- Lil Yachty remix cover

Single by Tame Impala

from the album The Slow Rush
- Released: 14 February 2020
- Genre: House; disco;
- Length: 6:13 4:48 (Lil Yachty remix)
- Label: Modular Recordings
- Songwriter: Kevin Parker
- Producer: Kevin Parker

Tame Impala singles chronology
| "Lost in Yesterday" (2020) | "Breathe Deeper" (2020) | "Is It True" (2020) |

Music video
- "Breathe Deeper" on YouTube

= Breathe Deeper =

"Breathe Deeper" is a song by Australian music project Tame Impala, released as the fifth single from their fourth studio album The Slow Rush (2020).

The song was remixed by Lil Yachty for the deluxe edition of the album called The Slow Rush – B-Sides and Remixes.

The United Kingdom based Butt Studio directed the music video for "Breathe Deeper", which was released on 15 December 2020. Tame Impala performed the song on Jimmy Kimmel Live! and included it in the set list of the Slow Rush Tour between 2020 and 2021.

== Background and composition ==
"Breathe Deeper" is a 1970's R&B/psychedelia track in which Kevin Parker sings about staying calm in stressful situations. Parker himself has stated it was inspired by an experience he had with ecstasy.
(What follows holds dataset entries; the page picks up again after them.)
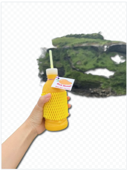 배경을 합성하니 망고쥬스 광고 포스터 같네요 ㅎㅎ 퀄리티가 참 괜찮더라구요. 화질도 많이 떨어지지 않고 자연스러워요.
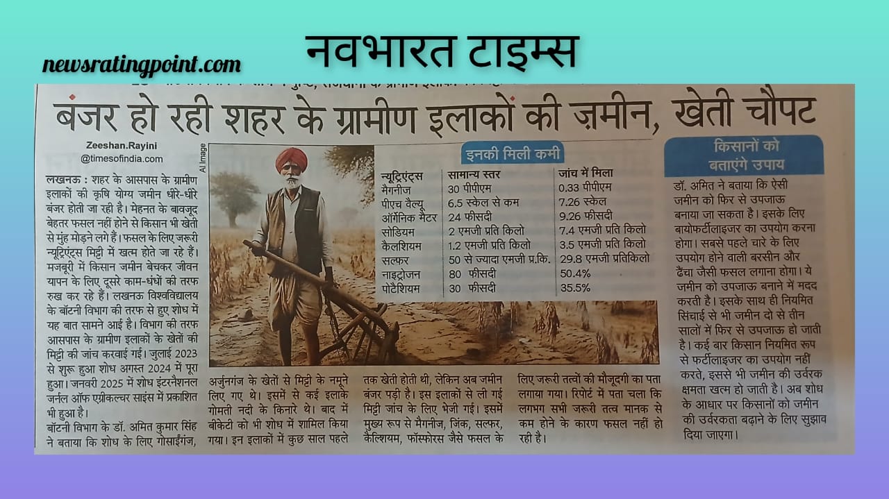 लखनऊ। शहर के आसपास के ग्रामीण इलाकों की कृषि योग्य जमीन धीरे-धीरे बंजर होती जा रही है। मेहनत के बावजूद बेहतर फसल नहीं होने से किसान भी खेती से मुंह मोड़ने लगे हैं। फसल के लिए जरूरी न्यूट्रिएंट्स मिट्टी में खत्म होते जा रहे हैं। मजबूरी में किसान जमीन बेचकर जीवन यापन के लिए दूसरे काम-धंधों की तरफ रुख कर रहे हैं। लखनऊ विश्वविद्यालय के बॉटनी विभाग की तरफ से हुए शोध में यह बात सामने आई है। विभाग की तरफ आसपास के ग्रामीण इलाकों के खेतों की मिट्टी की जांच करवाई गई। जुलाई 2023 से शुरू हुआ शोध अगस्त 2024 में पूरा हुआ। जनवरी 2025 में शोध इंटरनैशनल जर्नल ऑफ एग्रीकल्चर साइंस में प्रकाशित भी हुआ है।
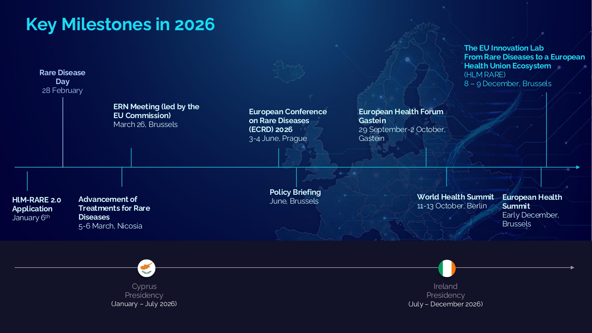 The timeline shown highlights key political, policy, and scientific milestones in 2026, during which rare diseases will be firmly on the agenda. These include major EU-level meetings, international conferences, policy briefings, and the continuation of the EU Innovation Lab: From Rare Diseases to a European Health Union Ecosystem, culminating in further high-level discussions later in the year.
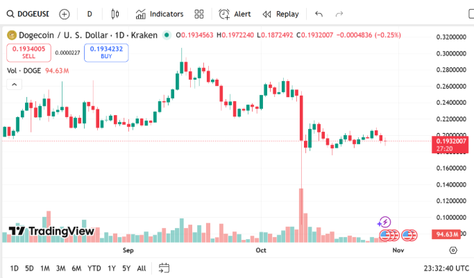 In the meantime, Dogecoin, which has a market valuation of $158.67 billion, is now trading at $0.1934 following a notable decline of roughly 1.03% over the past day.
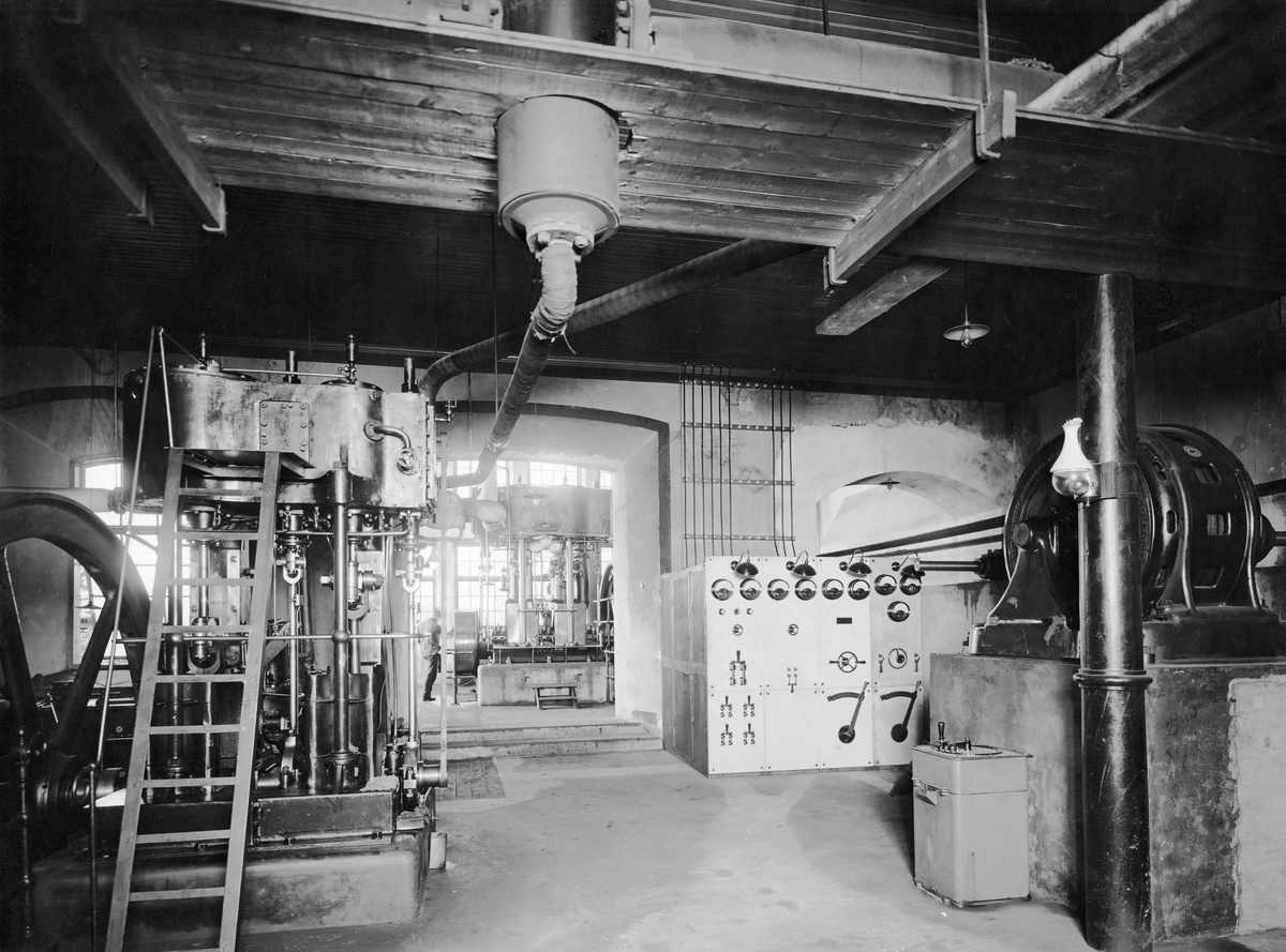 Elektrisk belysning allmänt. Ångelektricitetsverk. T v två ångmaskiner och t h en Wenströmsmaskin.
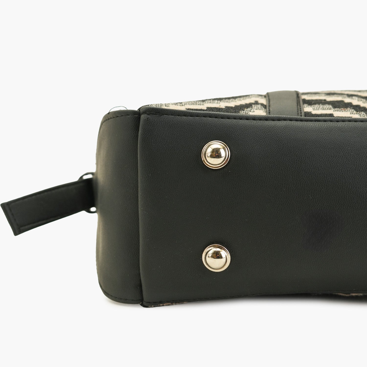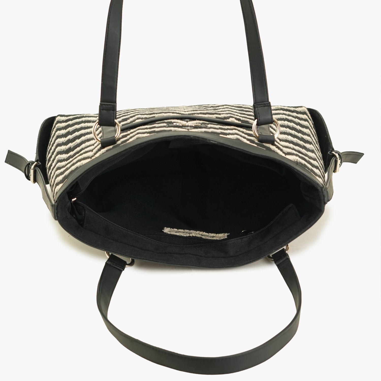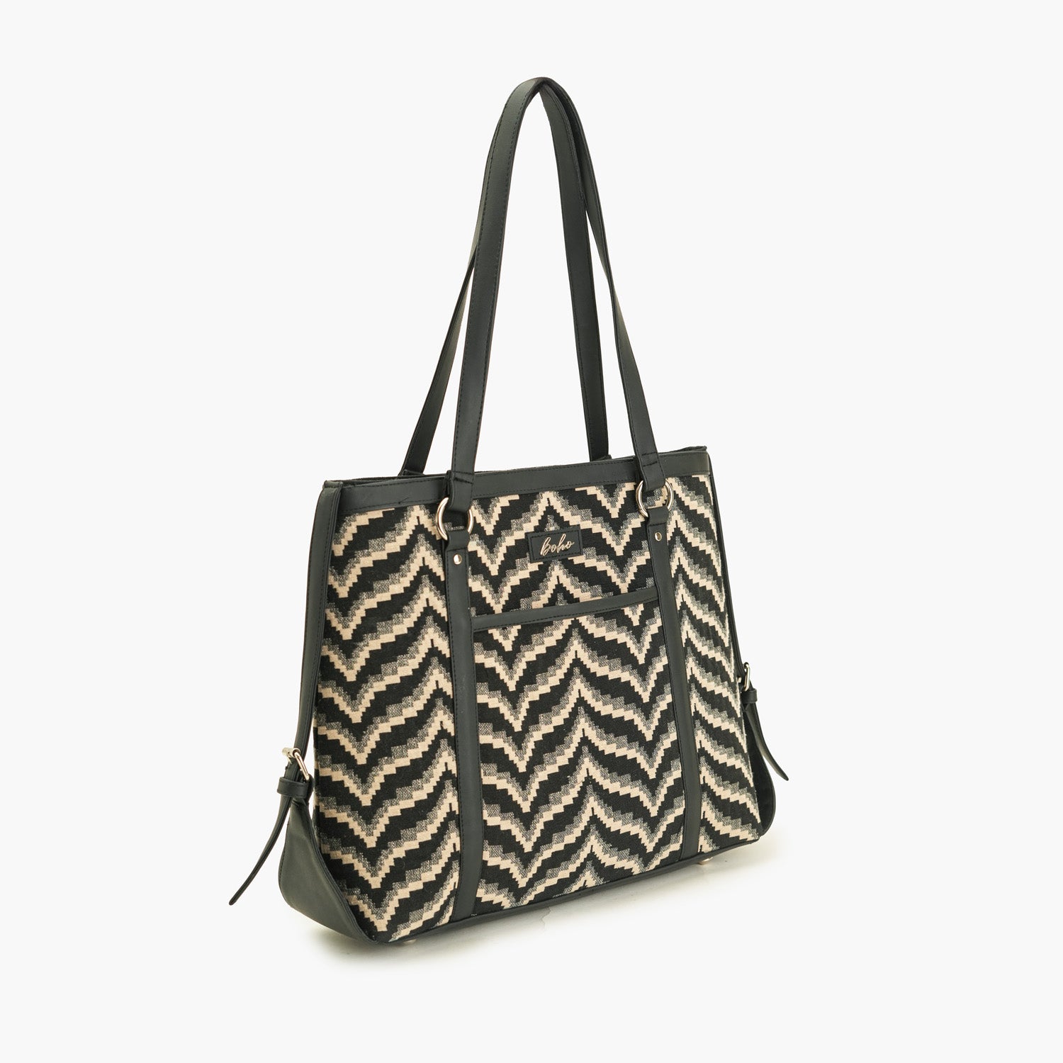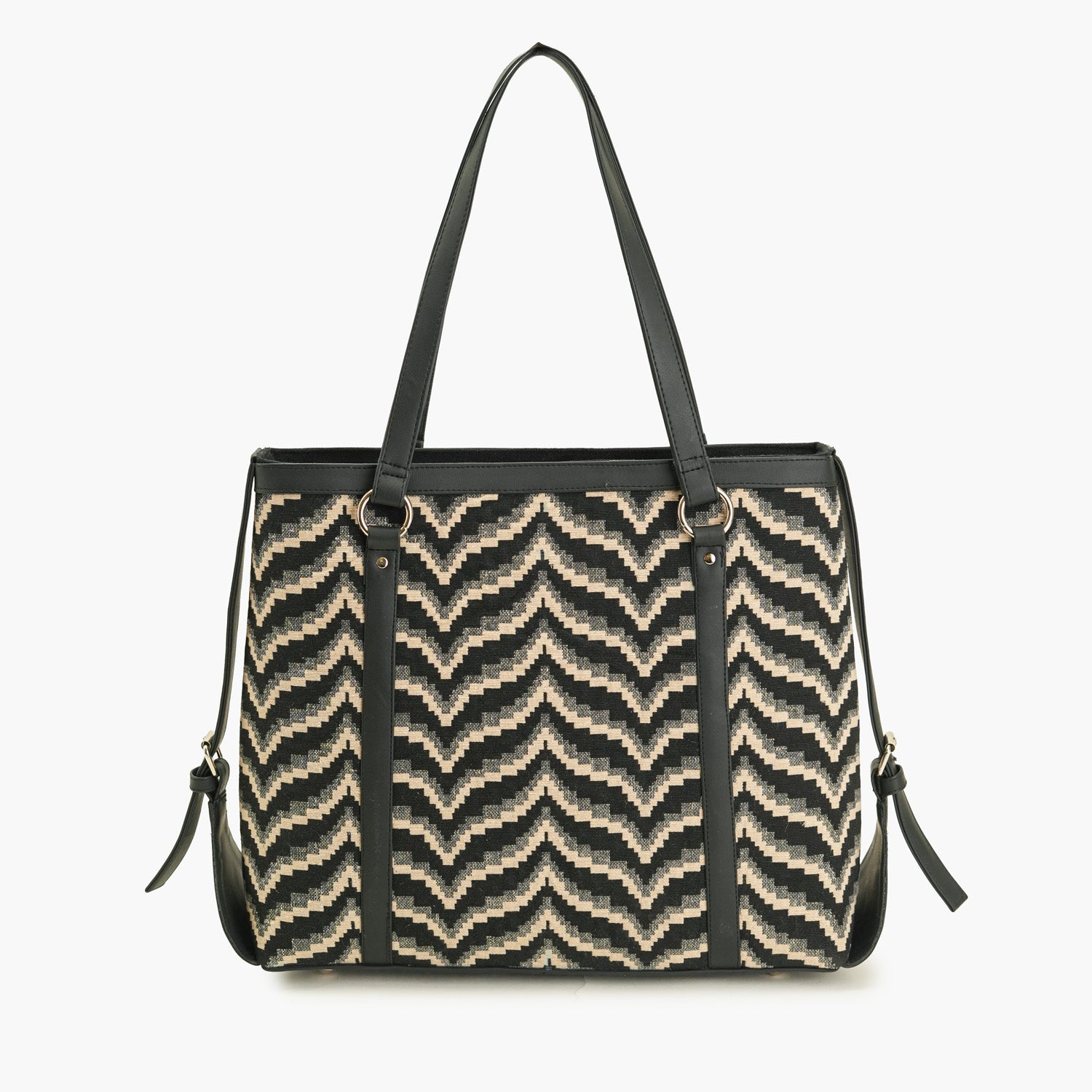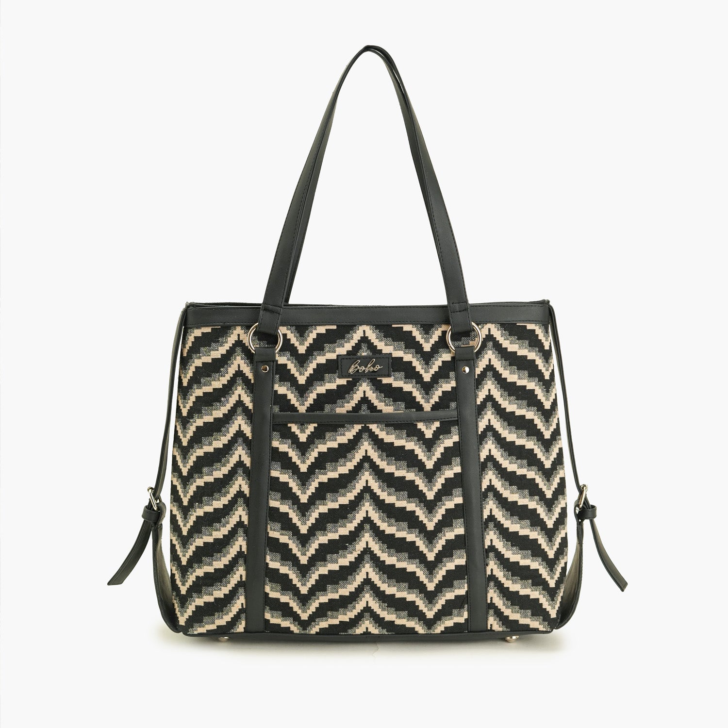 Experience the perfect blend of elegance and utility with the Bohogirl Jacquard Chevron Tote Bag. This bag is specially designed for the modern professional who needs to carry their world in style. Featuring a striking black and beige zigzag pattern, it is complemented by rich Black vegan leather trims that add a sophisticated touch.

== Release and promotion ==
The track was released through Modular Recordings on 14 February 2020, as the fifth single from the project's fourth studio album, The Slow Rush (2020). It served as a follow-up to the singles "Borderline", "It Might Be Time", "Posthumous Forgiveness", and "Lost In Yesterday". On 2 March 2020, Tame Impala debuted "Breathe Deeper" on Jimmy Kimmel Live!, alongside a performance of other album track, "Lost In Yesterday". The track was added to the set list of the project's Slow Rush Tour, which was then delayed due to the COVID-19 pandemic and resumed in the following year. In December 2020, Kevin Parker performed the song on Australia’s Triple J Radio, along with a cover of Edwyn Collins’ 1994 hit, “A Girl Like You”. A music video directed by the UK based Butt Studio was released on on 15 December 2020, and features life from the eyes of a dragonfly.

== Remix ==
On 6 October 2021, a remix of the track by American rapper Lil Yachty was released to promote the deluxe edition of The Slow Rush.. Lil Yachty stated on the remix that "It was so amazing to work with Kevin [Parker] as I've been a big fan since high school so it was a pleasant surprise and honor to be a part of such an incredible song."

== Reception ==
In a review for The Slow Rush, Tim Sendra called it a "kind of languorous twilight groove". PopMatters Jacob Uitti opined that it "would be a top pick for any breakdancer. It’s rigid in the best of ways, popping and locking like a subway artisan on a big square of well-worn cardboard. But it also provides, yes, a deep breath after the very personal song preceding it. Its melody is like a melty pink marshmallow." The Line of Best Fit critic Christopher Hamilton-Peach noted it "basks in '90s house piano chords". Jason Anderson believed that it "is propelled by Frankie Knuckles-style piano figures, stuffed with swirling synths and topped with Parker’s most exuberant vocal performance" Sam Moore placed it at number 29 in a ranking of every Tame Impala song in 2020, stating that "Expressive percussion and a slinking bassline lead the way on this sleek R&B ‘Slow Rush’ cut before a bright, up-tempo piano line takes control." Pitchfork placed it at number 86 in their ranking of the 100 best songs of 2020, stating that "you can hear Mariah Carey in the syrupy verse, the Neptunes in every raw drum hit, early Daft Punk in the finale’s acid house groove, and yet there’s no mistaking this for anything but a Tame Impala song."

== Charts ==

| Chart (2020) | Peak position |
|---|---|
| Australia (ARIA) | 55 |
| Ireland (IRMA) | 51 |
| Lithuania (AGATA) | 84 |
| New Zealand Hot Singles (RMNZ) | 9 |
| Portugal (AFP) | 95 |
| UK Singles (Official Charts) | 55 |
| US Hot Rock & Alternative Songs (Billboard) | 2 |

== Certifications and sales ==

| Region | Certification | Certified units/sales |
| Australia (ARIA) | Gold | 35,000^{‡} |
| New Zealand (RMNZ) | Gold | 15,000^{‡} |
| United States (RIAA) | Gold | 500,000^{‡} |
^{‡} Sales+streaming figures based on certification alone.